# Feb 23. Matchings in bipartite graphs

Matching

A matching $M$ is a subset of $E$ such that no two edges $e, e' \in M$ share a vertex, i.e. for any two edges $e, e' \in M$ we have $e \cap e' = \phi$.

Perfect Matching

A perfect matching is a matching that meets every vertex of $G$, i.e. for every $v \in V$ there is an edge $(u,v) \in M$.

Problem: Given a bipartite graph $G$ we wish to know whether $G$ has a perfect matching. Note that the yes answer has a short certificate, namely the perfect matching itself. The certificate for the no answer follows from Hall’s theorem which we give below.

Hall’s Theorem: $G=(V=A \cup B, E)$ has a perfect matching if and only if $|A| = |B|$ and $\forall X \subseteq A, |N(X)| \ge |X|$.

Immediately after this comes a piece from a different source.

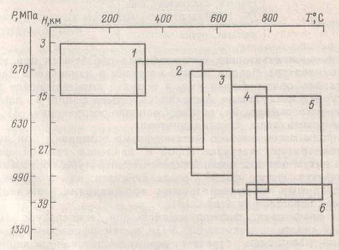 1-6 – фации: 1 – цеолитовая, 2 – зеленосланцевая, 3 – амфиболовая, 4 – глаукофановая, 5 – гранулитовая, 6 - эклогитовая
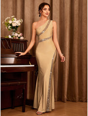 Wholesale Mermaid / Trumpet Party Dresses Sexy Dress Wedding Party Semi Formal Floor Length Sleeveless One Shoulder Stretch Satin with Glitter - US 2 / UK 6 / EU 32

Proof: Note that the forward direction is trivial. Suppose for every $X \subsetneq A$, $|N(X)| > |X|$ then we are done by induction on the number of vertices. Consider an edge $e=(u, v)$ and let $G' = G\setminus \{u,v\}$. Let $V(G') = A' \cup B'$. Then clearly $|A'| = |B'|$ and $\forall X \subseteq A$, $|N(X)| \ge |X|$. Thus by our inductive hypothesis we are done.

Now suppose there is a set $X \subsetneq A$ such that $|N(X)| = |X|$. Consider the graph $H$ induced on $X \cup N(X)$. Since $|X| < |A|$ and so by induction we know that there is a perfect matching in $H$. Let us consider the induced graph $H'$ on $(A\setminus N(X)) \cup (B \setminus N(X))$. We claim that for every $Y \subseteq B \setminus N(X)$, $|N(Y)| \ge |Y|$. This is because if $|A|=|B|$ then $\forall X \subseteq A$, $|N(X)| \ge |X|$ if and only if $\forall Y \subseteq B$, $|N(Y)| \ge |Y|$. Thus applying the inductive hypothesis we get a perfect matching in $H'$. Patching the perfect matchings in $H$ and $H'$ gives us a perfect matching in $G$.

Algorithm

Alternating path: A path $P$ in a graph is an $M$ alternating path if the edges in the path alternate between $M$ and non $M$ edges.

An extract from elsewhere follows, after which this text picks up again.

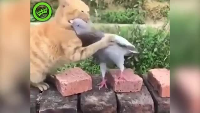 В Сети набирает популярность видео, на котором запечатлены последствия того, как кот и голубь оказались сидящими рядом друг с другом на соседних кирпичах. Ролик был опубликован на "Я плакал".
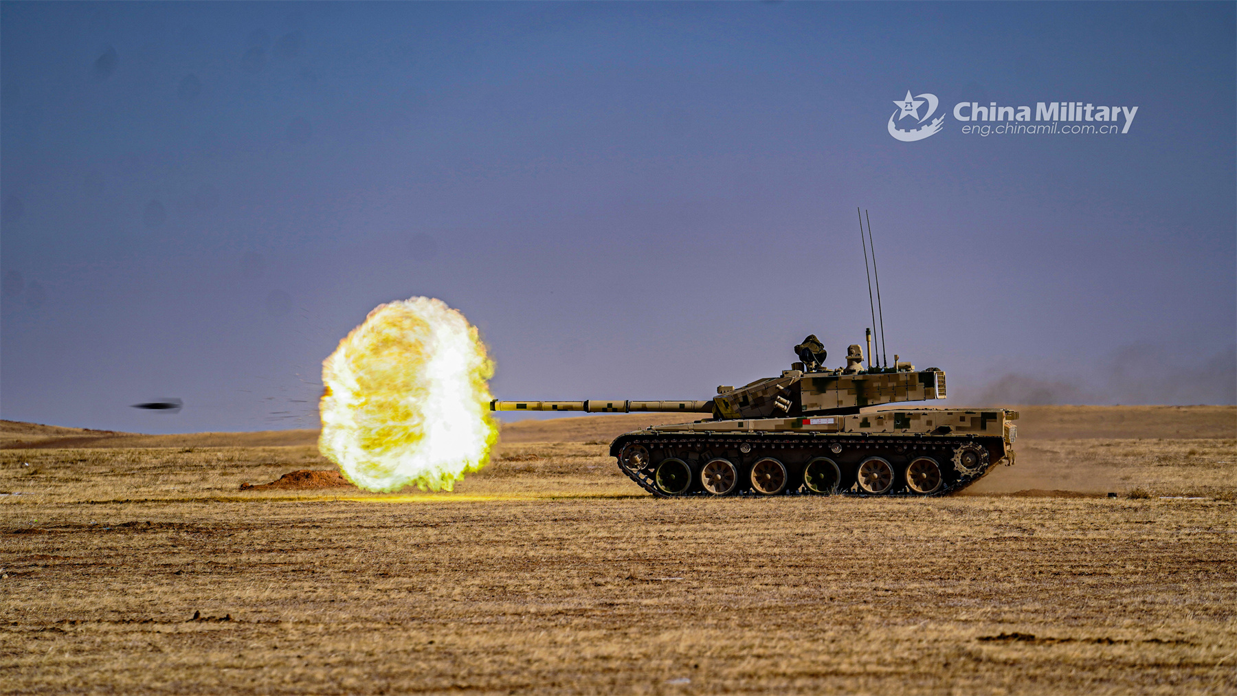 A main battle tank (MBT) attached to a brigade under the PLA 81st Group Army fires at simulated targets during a live-fire exercise in late November, 2023. (eng.chinamil.com.cn/Photo by Li Changxing)

Augmenting path: An $M$ augmenting path is an $M$ alternating path such that its two end points is $M$ unmatched.

Suppose we have an $M$ augmenting path $P$. Then we can construct a new matching $M' = M \triangle P$. Note that $|M'| > |M|$. This step is called augmenting the augmenting path $P$. Thus if we have the following algorithm:

• Start with an arbitrary matching $M$.
• While there exists an $M$ augmenting path $P$:
• Augment path $P$
• Set $M = M \triangle P$
• EndWhile

Lemma: $latex M$ is a maximum matching in $G$ if and only if $G$ has no $M$ augmenting paths.

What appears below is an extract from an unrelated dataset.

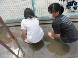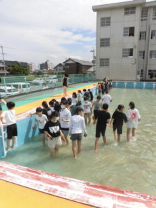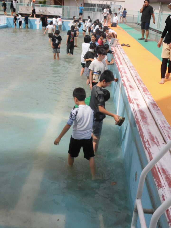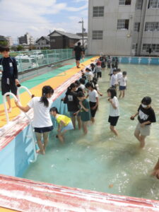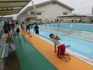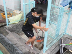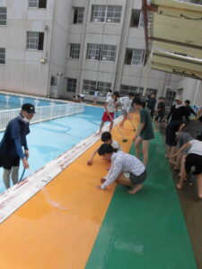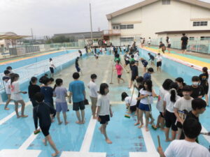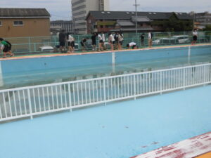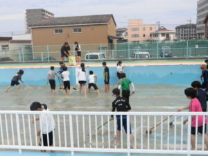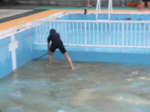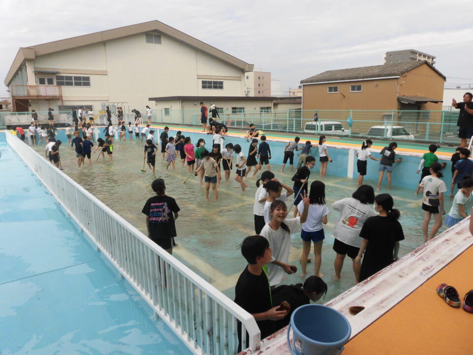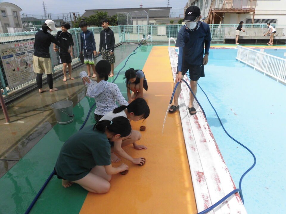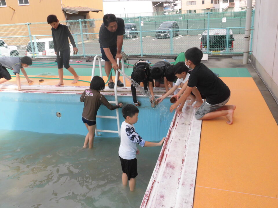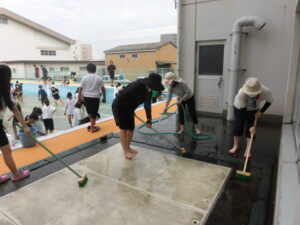 最後に、みんなで中へ入り、壁やプールの底をきれいに磨いてくれました。鎌田幼稚園の先生方もお助けに来てくれました。

Proof: Clearly if $M$ is a maximum matching then $G$ can have no $M$ augmenting path since augmenting it would produce a matching $M'$ such that $|M'| > |M|$.

Suppose $M$ has no augmenting path and let $N$ be a maximum matching. Consider $M \triangle N$. Notice that the degree of any vertex $v$ in $M \triangle N$ is at most $2$. This is because any vertex can have at most $1$ $M$ edge and at most $1$ $N$ edge incident on it. Observe that this implies $M \triangle N$ must be a disjoint collection of paths and cycles. Note that every cycle must be of even length since the cycle edges alternate between $M$ and $N$. Thus the number of $M$ edges in cycles is the same as the number of $N$ edges. In even paths the number of $M$ edges is the same as the number of $N$ edges since they are alternating. Suppose we have an odd length path. There are two possibilities – either it ends with an $M$ edge in which case it is $N$ augmenting (contradiction since $N$ is maximum) or it ends with an $N$ edge in which case it is $M$ augmenting (contradicting our hypothesis). Thus $M\triangle N$ consists of only even cycles and even paths. Thus $|M| = |N|$.

Finding augmenting paths

Start with all the unmatched vertices and consider a BFS like procedure from them. We grow the forest around them by adding unmatched and matched edges alternatively. Notice that there cannot be an unmatched edge connecting two matched vertices in the same component – since that gives us an odd cycle. Whenever two components are connected – we get an augmenting path.